It’s not that I care about fashion. I don’t consider myself a great connoisseur of couture, I don’t even brush my hair, but sometimes you just have to play along.
Philip Seymour Hoffman (or is it Seymour Philip Hoffman, Mr. Arkin?) does not play along. This week Mr. Hoffman wore a fashionable black tuxedo, matching black shirt, vest, and tie to the 81st Annual Academy Awards. He was accompanied by what can only be described as a knit beanie in a corresponding shade. The 41-year-old actor appeared to be unshaven, unwashed, and (in my personal opinion) undeserving of the best supporting actor award for which he was nominated.
It isn’t just because I still have some sort of Heath Ledger phantom limb, the pangs of which hit me hardest during the awards season. Despite criticism to the contrary, my support for Ledger is due neither to the residual effects of his death or my fondness for the Joker, the embodiment of dear Heath’s swan song. Don’t get me wrong, I love Philip Seymour Hoffman. So what if he’s chubby? So what if his daughter’s name is Tallulah? He’s a stupendous actor by all accounts. But, at the risk of sounding like runway hag Joan Rivers, that little black hat was a big old faux pas.
With his five o’clock shadow and the comfortable affectation with which he settled his girth into his rich and luxurious seat in the Kodak Theatre, it was hard to watch Hoffman without embellishing the renowned character actor with certain traits that may or may not have been present on Sunday evening. I saw Hoffman swollen and grunting, lodged into no less than three seats, immobile but for his left hand, which traced again and again a track from his gaping oozing mouth to a large bowl of tiny squealing squirming rodent-like snacks.
Just imagine if he’d won! He’d have to Jabba the Hut up to the stage, all ooze and Doritos crumbs; I guess the damage to the carpeting just wasn’t worth it. And I mean, do I really want to give a gold-plated statuette to someone whose pallid and unwashed hand I wouldn’t even grasp with my own for the sake of pleasantry? Where would poor Oscar even end up? A pile of rancid socks perhaps, all gamy and covered in bacteria? Or in a few weeks time our dear gilded Adonis might find himself thrust into inescapable wickedness, Barbie’s boy toy when Ken’s not around only to be found out by the plastic hunk and beaten to scrap metal.
“Honey! Have you seen my Oscar?”
“No, dear. Why don’t you check Tallulah’s room?”
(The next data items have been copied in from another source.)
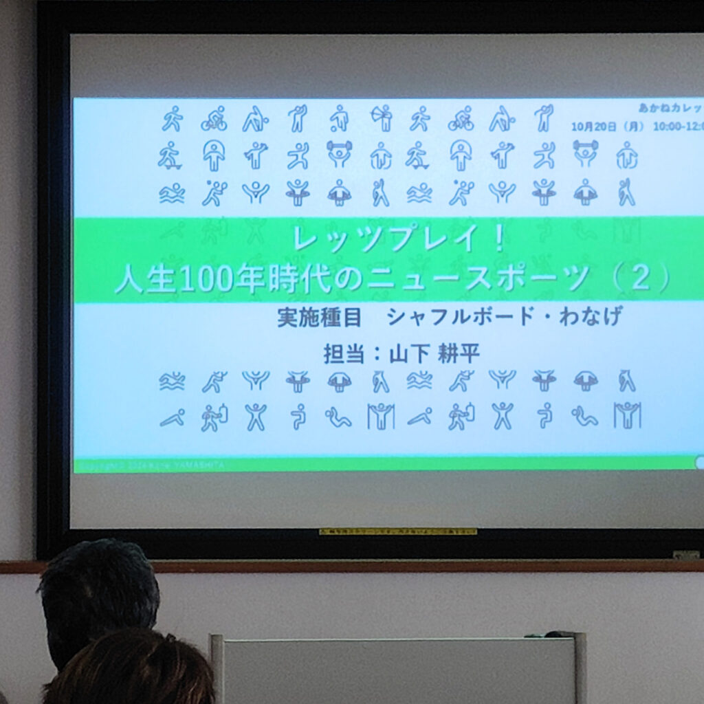 10月20日の健康・スポーツ学科は「レッツプレイ!人生100年時代のニュースポーツ」の2回目。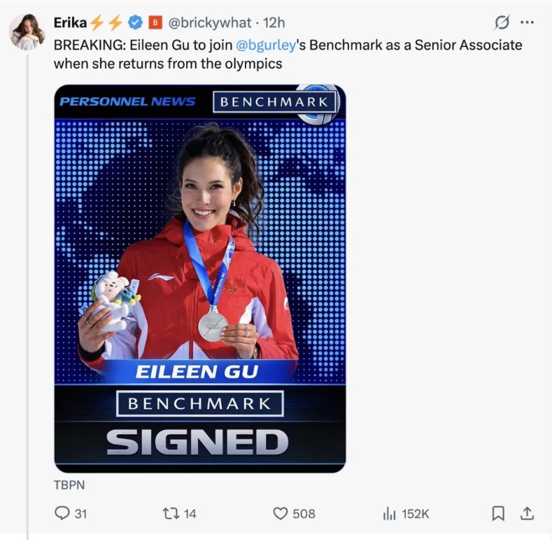 近期,一则所谓"重磅消息"在互联网上流传,指Benchmark传奇合伙人Bill Gurley证实,谷爱凌将入职硅谷风投Benchmark,任资深投资经理(Senior Associate)。 (文章来源:深圳商报) 北京时间2月14日0时左右,身在意大利参加米兰冬奥会的谷爱凌亲自在相关帖子下留言辟谣:"这不是真的"。 截至发稿时,这则谣言帖子已经删除。 ...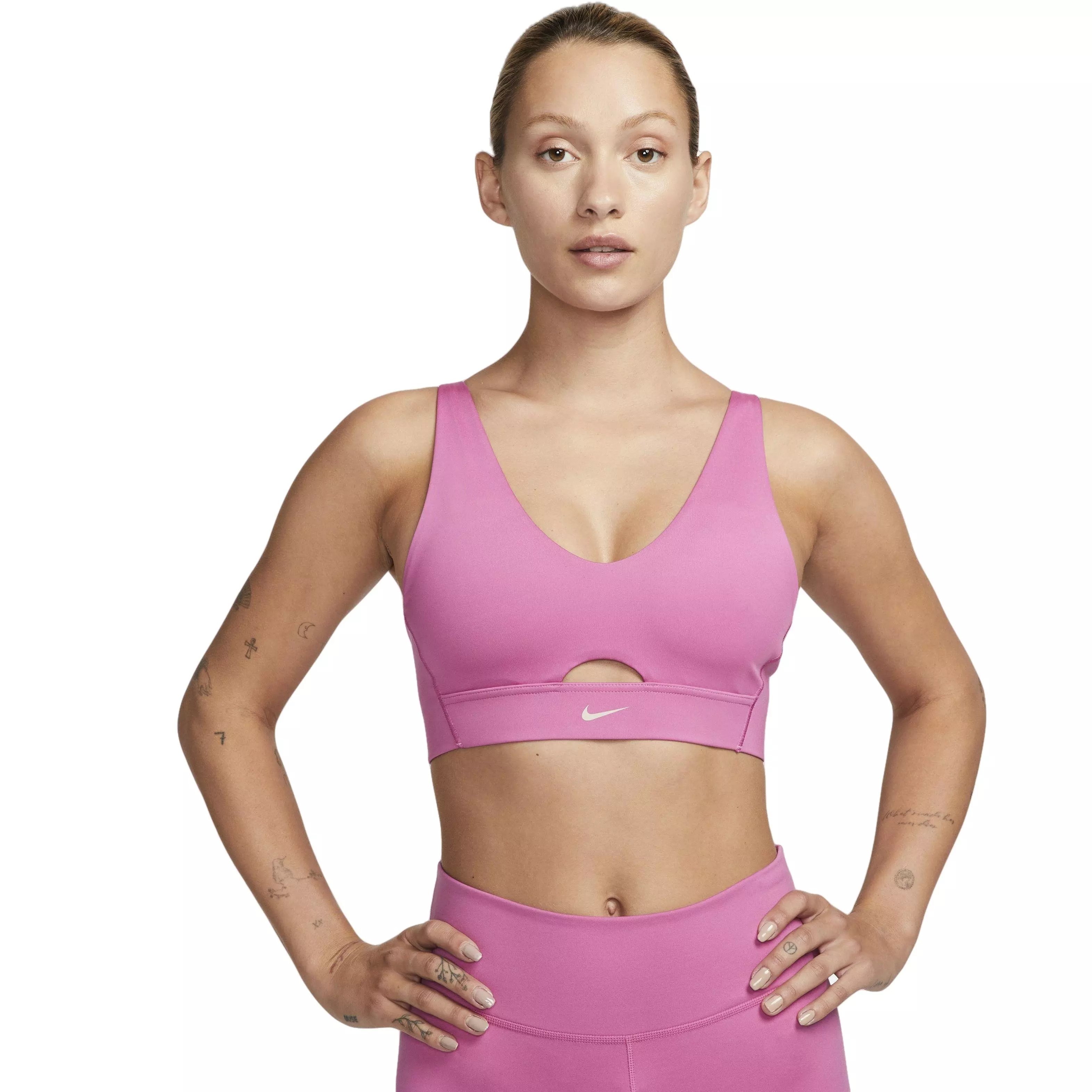 The Nike Women's Dri-FIT Indy Padded Plunge Cutout Sports Bra gives you medium support during daily workouts, errands or chill days at home. With sweat-wicking fabric, adjustable and convertible straps, and a plunge neckline, you'll stay comfortable and confident no matter what your day throws your way.Features

Oscar is a blue blood, unused to the slovenly ways of his all-too-mortal recipients. Just look at his homeland. The Kodak Theatre literally drips with crystals on Oscar night. Even if Hoffman’s hair was in disarray because he’s in the process of filming a new flick (I am not completely insensitive to the concept of loyalty to the craft) he could have found head wear that was a little less (please, forgive me Philip) homeless-chic.
There exists a degenerative disease of the social acceptability. It runs rampant amongst big name celebrities. Take Johnny Depp, for instance. A mild case of the sickness, but a good example. A pretty nice, normal guy during 21 Jump Street. A little quiet maybe, but no dodgy facial hair or pseudo-fedora (another hat).
But Johnny Depp has still not crossed the bridge to preposterousness and neither has Philip Seymour Hoffman. Sophia Loren presented at the Oscars and she looked like a Gorgon. That’s fine! Joaquin Phoenix’s recent bearded antics? Dandy! Go big or go home, I say, and the Academy seems to agree.